■ Material provided:
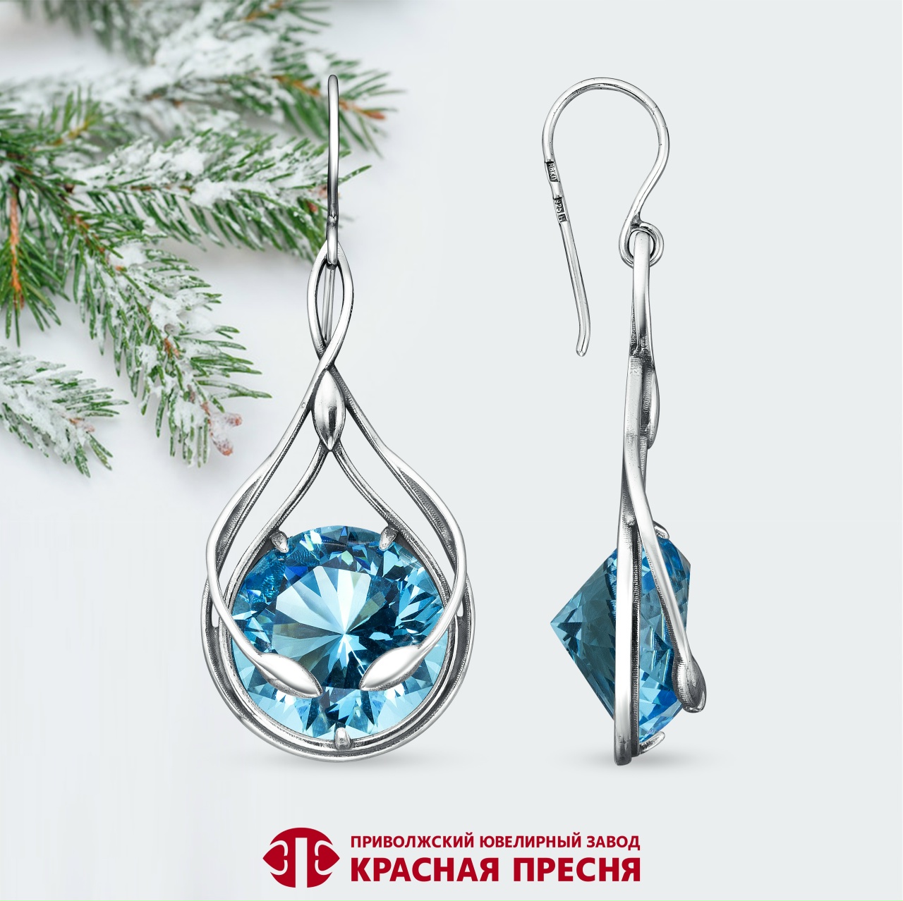 Оригинальные серьги из серебра 925 пробы со вставкой "топаз искусственный" небесно-голубого цвета, воплощение элегантности и утонченного вкуса.
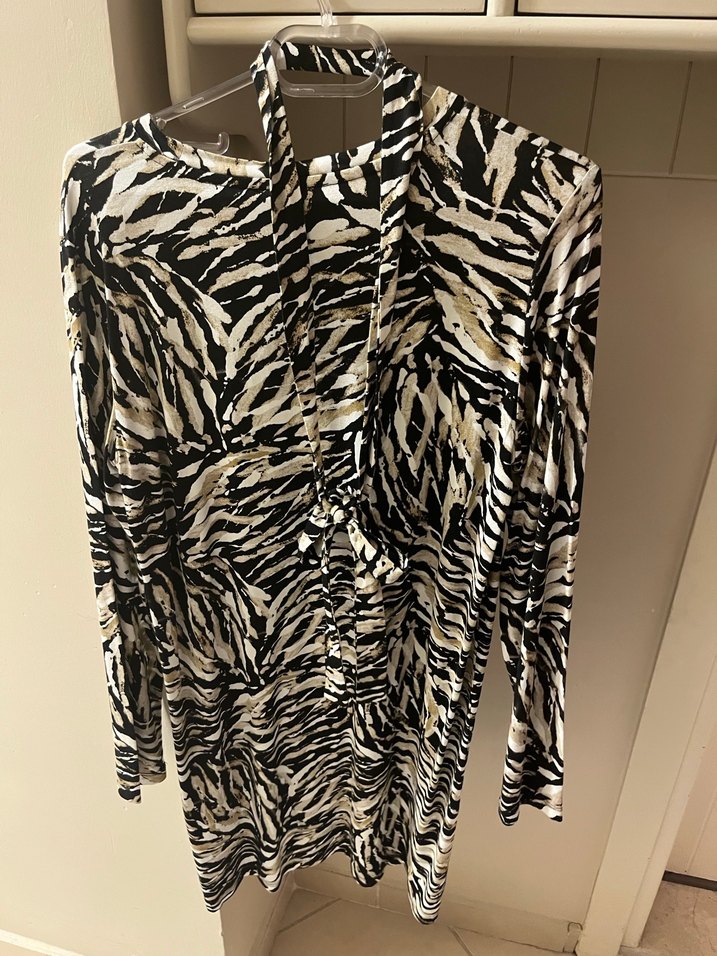 Dar kesim, uzun kollu, zebra desenli kadın penye elbise.
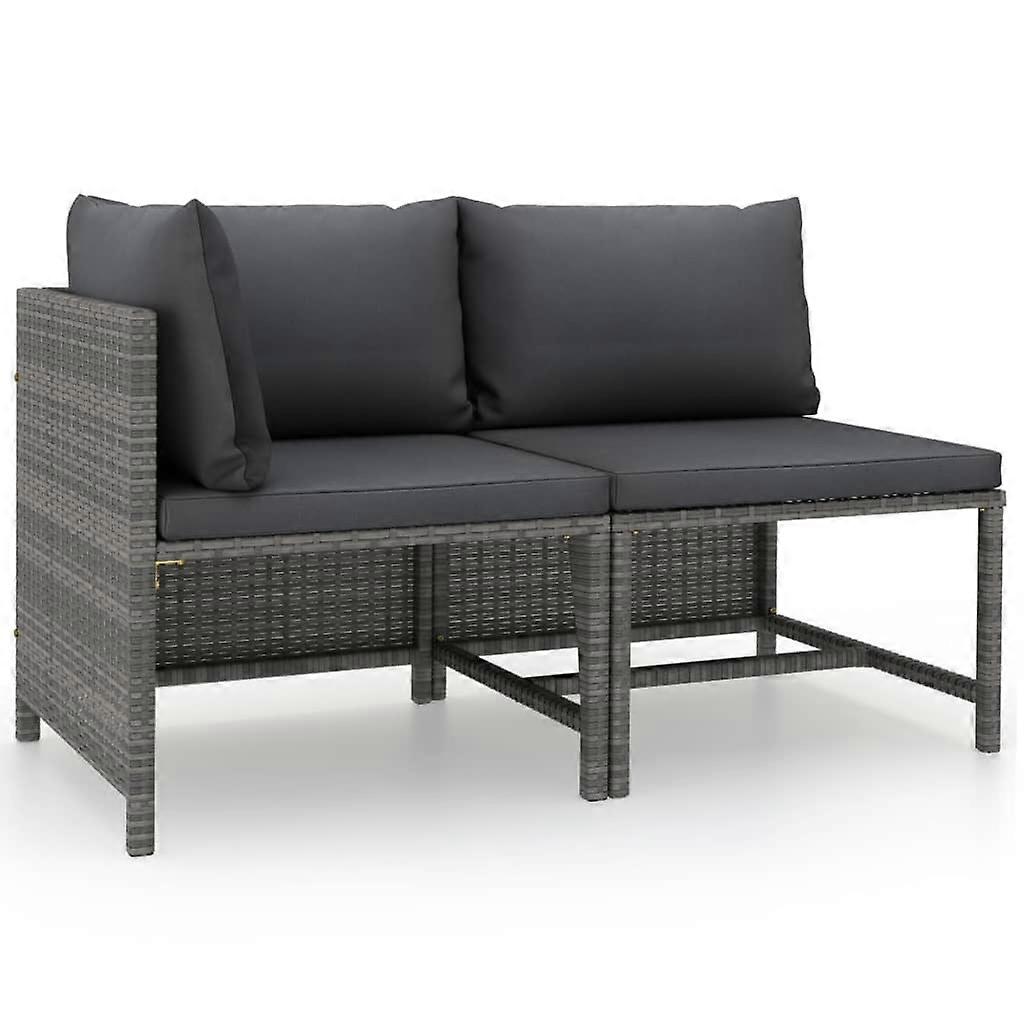 2 Piece Garden Sofa Set With Cushions Grey Poly Rattan Patio Furniture Sets

■ Exercise instructions: Skipping the pictures, transcribe each line above exactly as it appears.

■ Your solution:
 Оригинальные серьги из серебра 925 пробы со вставкой "топаз искусственный" небесно-голубого цвета, воплощение элегантности и утонченного вкуса.
 Dar kesim, uzun kollu, zebra desenli kadın penye elbise.
 2 Piece Garden Sofa Set With Cushions Grey Poly Rattan Patio Furniture Sets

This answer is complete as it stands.